Gibt es Anreize für Investitionen in Compliance-Maßnahmen?
Ja, das Verbandssanktionsgesetz will bewusst Anreize setzen, damit Unternehmen in ihre Compliance-Struktur investieren und präventiv tätig werden. Einerseits können zielführende Compliance-Maßnahmen bei der Höhe von Geldsanktionen Berücksichtigung finden. Andererseits können bestimmte (mildere) Sanktionen nur verhängt werden, wenn es ein Compliance-System bei dem Unternehmen gibt. Weisungen können z.B. erteilt werden, um Schwachstellen im unternehmensinternen Compliance System zu beheben.
Sind Dokumente aus internen Untersuchungen nun vor Beschlagnahme geschützt?
Das bleibt nach dem Entwurf des Verbandssanktionsgesetzes weiterhin unklar. Unternehmen soll zwar der Status eines „Beschuldigten“ eingeräumt werden, sodass grundsätzlich ein Beschlagnahmeschutz für interne Unterlagen gelten dürfte. Allerdings legt der bisherige Entwurf nahe, dass ein solcher Schutz nur für Dokumente gilt, die nach Erlangung des Beschuldigtenstatus erstellt worden sind. D.h. Erkenntnisse aus vorherigen Untersuchungen wären nicht geschützt und könnten von den Ermittlungsbehörden beschlagnahmt werden.
Welche Maßnahmen können Unternehmen schon jetzt ergreifen?
- Zunächst sollte der Gesetzgebungsprozess weiter aufmerksam verfolgt werden, insbesondere, da der bisherige Entwurf einige nicht unstreitige Punkte erfasst, sodass im laufenden Gesetzgebungsprozess durchaus noch mit gewissen Änderungen gerechnet werden darf.
- Unternehmen sollten heute schon die Wirksamkeit ihrer Compliance Programme unter die Lupe nehmen und ggf. notwendige Anpassungen vornehmen.

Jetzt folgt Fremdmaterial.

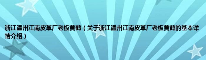 本文关于浙江温州江南皮革厂老板黄鹤的基本详情介绍就讲解完毕,希望对大家有所帮助。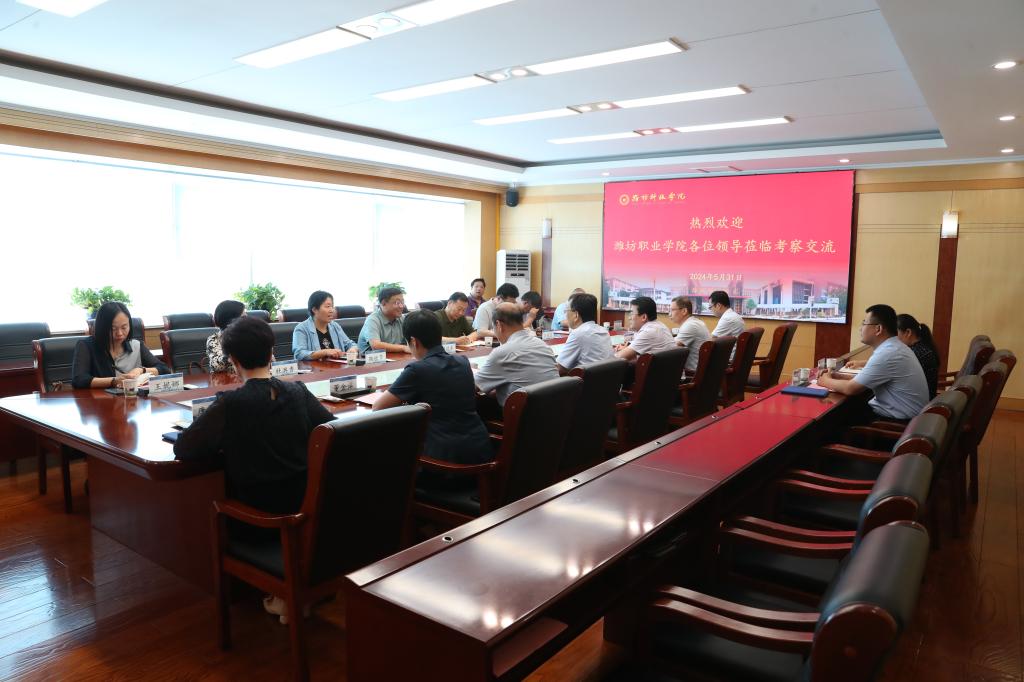 5月31日,学院党委副书记韩瑞东带队到潍坊科技学院考察交流。党委副书记贺志强,党委委员、宣传部部长鞠桂芹及相关处室负责同志参加活动。潍坊科技学院校长魏华中,副校长刘相法,党委副书记苗春龙及相关处室负责同志参与座谈交流。 魏华中对来访客人表示欢迎,他首先介绍了学校的基本情况,并对学校办学理念、办学规模、专业发展等方面的经验做了详细介绍。 韩瑞东对潍坊科技学院近年来的高质量发展给予了高度赞赏,尤其是体制机制创新、...更多 -

- Sollte es bisher kein unternehmensinternes Compliance-Programm geben, sollte ein solches – der Größe des Unternehmens und der einschlägigen Themen entsprechendes –Programm eingeführt werden und insbesondere Führungskräfte mit dem Thema Compliance vertraut gemacht werden.
- Eine ausführliche Dokumentation der Compliance Maßnahmen ist zu empfehlen. Insbesondere, da die Möglichkeit geschaffen wurde, Sanktionen durch effektive interne Ermittlungen abzumildern.
- Um Verdachtsmomente zu identifizieren muss eine Kultur des „Fehler machen dürfen – Fehler zugeben – Fehler aufdecken“ etabliert werden. Wenn es Verdachtsmomente gibt, müssen diese sorgfältig untersucht werden und die entsprechenden Schwachstellen identifiziert und geschlossen werden.
- Die Implementierung eines Hinweisgebersystems, sog. Whistleblower (wir berichteten hier zur neuen EU-Richtlinie zum Schutz von Whistleblowern), kann eine Compliance-Struktur ebenfalls effektiv unterstützen.
- Mit der Erstellung eines „Code of Conduct“ kann den Mitarbeitern die rechtlichen und normativen Orientierung erleichtert werden und in spezifische Risikosituation konstruktive Hilfestellung gegeben werden. Dies kann auch ein wichtiger Schritt sein, um die Thematik für Mitarbeiter greifbarer – und damit in der Umsetzung effektiver – zu machen.
- Neben den präventiven Maßnahmen und der Verinnerlichung der Thematik bei den Mitarbeitern, sollten auch Vorbereitungen für den Fall des Umgangs mit einer Verbandsstraftat erfolgen. Hierzu gehört z.B. der Umgang mit den Ermittlungsbehörden bei einer Durchsuchung.
Fazit
Eine effektive und schlagfertige Compliance Struktur im Unternehmen hilft die Straftaten von morgen zu verhindern, für die nicht nur die Mitarbeiter belangt werden können, sondern für die zukünftig auch das Unternehmen einzustehen hat.